Tourism in Iceland has grown considerably in economic significance. In 2025, the tourism industry accounted for 8.8% of Iceland's GDP, while the country received just under 2.3 million foreign overnight visitors.

==History==

Evolution of the annual number of foreign visitors to Iceland compared to the growth of the resident population.

Services provided to foreign tourists were for a long time an insignificant part of the Icelandic economy, rarely contributing more than 2 percent to GDP, even long after the advent of international air travel. Until the early 1980s, the number of foreign visitors to Iceland increased slowly and erratically, never exceeding 80,000 in a single year, and for many years after that only barely kept pace with the increase in the number of Icelanders travelling to and from the country. This situation lasted until the turn of the century, when the annual number of visitors exceeded the total resident population for the first time, at around 300,000.

A few years later the Icelandic tourism industry started to experience a boom which to this day shows no signs of abating, as witnessed by the fact that the number of foreign visitors grew on average by 6 percent per year between 2003 and 2010, and by some 20 percent per year on average between 2010 and 2014. In 2015, this rapid increase has continued, with the number of foreign visitors already exceeding 1 million in the period January to October. According to the Icelandic Tourist Board, the total number of overnight stays by foreign visitors to Iceland grew from 595,000 in 2000 to 2.1 million in 2010, before rising to 4.4 million in 2014.

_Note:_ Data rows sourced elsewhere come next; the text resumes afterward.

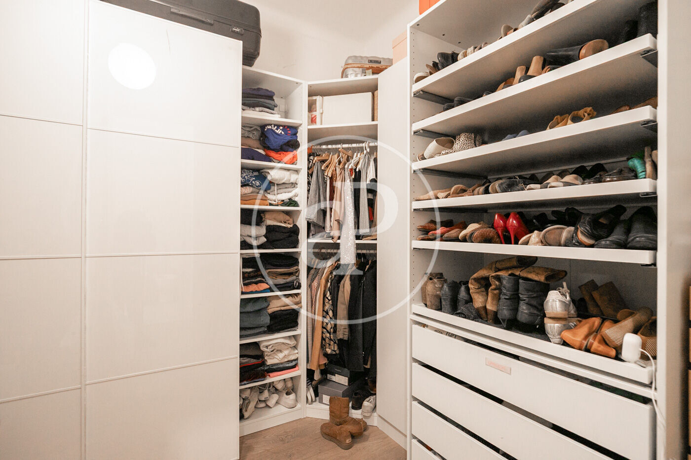 The night area offers: an elegant master suite with a full bathroom and access to a continuous balcony, plus two additional double bedrooms (one of them currently converted into a walk-in closet), as well as a second very spacious full bathroom.
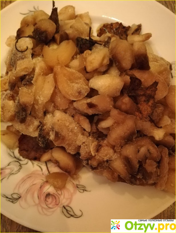 Грибы не слиплись в один большой ком. Значит, хранили их правильно. Нарезка оптимальная. Можно сварить с такой суп, пожарить или добавить в пиццу. Вкус, как у обычных свежих грибов. Запах насыщенный, особенно при жарке с лучком и картошкой)
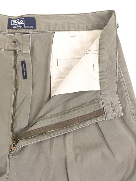 古着 90s Polo Ralph Lauren 「HAMMOND PANT」 タック チノ パンツ テーパード カーキ W35 L31

The number of people working in tourism-related industries in Iceland was 21,600 in 2014, representing nearly 12 percent of the total workforce, and tourism's direct contribution to GDP is now close to 5 percent.

==Tourist demographics==
Iceland is well known for its untouched nature and unique atmosphere.
Iceland receives the highest number of tourists during summer (June–August). In 2014, around 42% of visitors arrived in Iceland during its summer months, proportionally a slight decrease compared to the previous two years, the percentage of winter visitors having increased by over 4% in the same period. As of year 2014, Iceland's largest tourism markets comprises tourists from Central/South Europe, followed by those from other regions: North America, the UK, then the Nordic countries. In terms of visitors from individual countries, the top five for 2014 were the UK, USA, Germany, France and Norway. Canada had the largest percentage increase in visitor numbers in the 2013-2014 period, with an increase of over 60% year on year.

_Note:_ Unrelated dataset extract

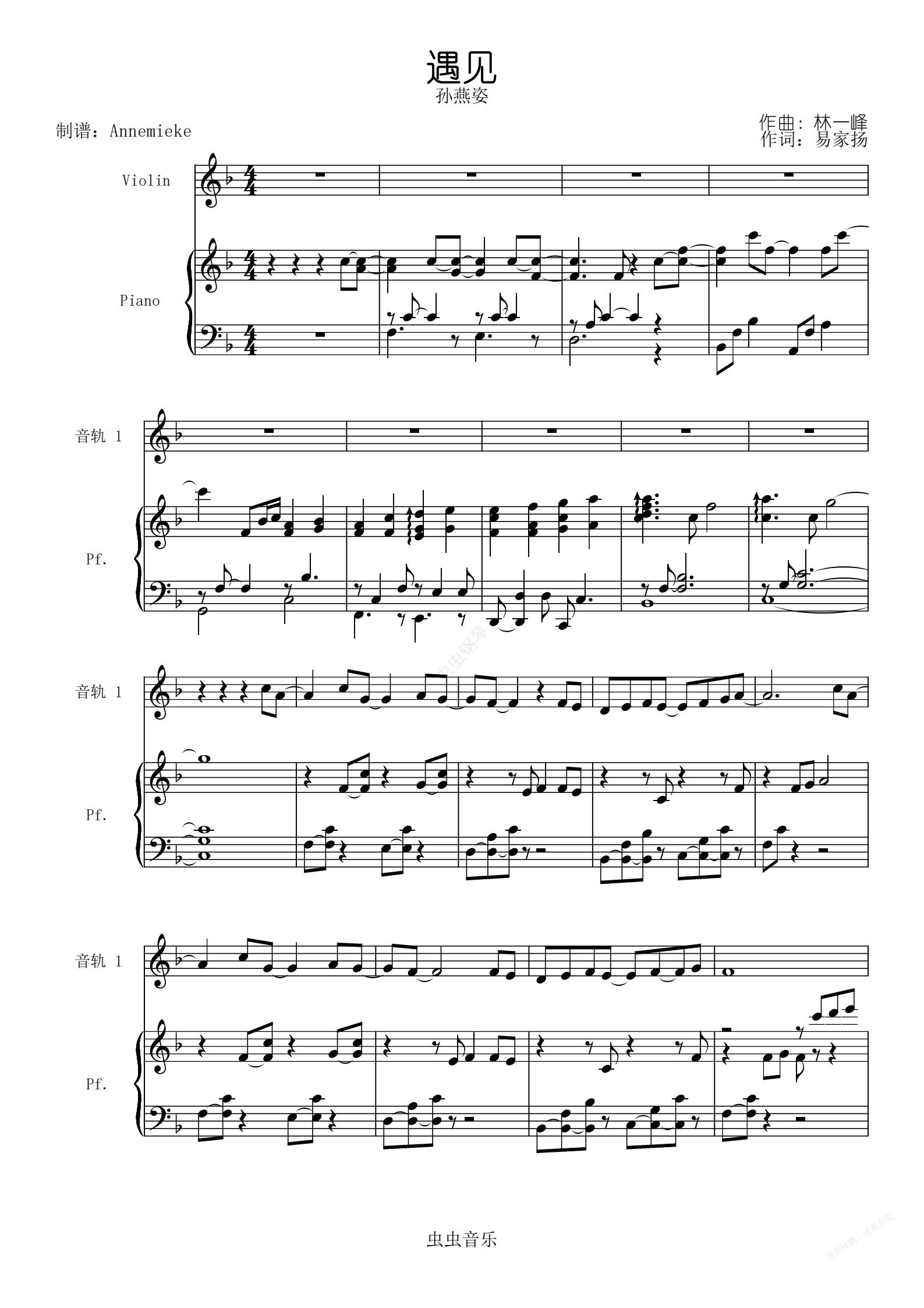 钢琴谱:遇见(F调)男声弹唱伴奏

== Overtourism in Iceland ==
Overtourism in Iceland is a result of both the huge rise in visitor arrivals, and their concentration in a small area of the country. Over 98% of visitors to Iceland come through Keflavik, just 45 minutes from Reykjavik, with many using the city as a short stopover on a transatlantic flight and restricting their travel to popular nearby sites like the Blue Lagoon and the Golden Circle.

This tourism boom, centred around Reykjavik and the south, has been problematic:

- Hotel rooms in Reykjavik have not kept pace with visitor numbers, rising by 42% and 264% respectively over the same period. Short term rental sites like Airbnb have plugged the gap, increasing residential property prices, pushing local people out of central Reykjavik, and shifting downtown amenities towards tourists rather than residents.
- In the small town of Akureyri, which saw a 91% increase in cruise ship arrivals between 2015 and 2019, economic benefits have not increased in line with the increase in cruise passengers. Local cafes saw just a 3.5% increase in business during a cruise ship visit, and restaurants just a 1% increase.
- Local facilities and major tourism sites are struggling to cope with increased visitor numbers. Hiking trails are being degraded, roads now routinely used by tourist buses are deteriorating, and visitors regularly damage fragile ecosystems – like the moss that covers Thingvellir National Park.

==Popular tourist destinations==
According to a survey carried out by the Icelandic Tourist Board in 2014, the following 10 destinations are the ones most frequently visited in Iceland, out of 39 specifically mentioned in the survey (the percentages indicate the proportion of all foreign tourists visiting the destination in question and relate to the summer season, some of the destinations being less easily accessible in winter).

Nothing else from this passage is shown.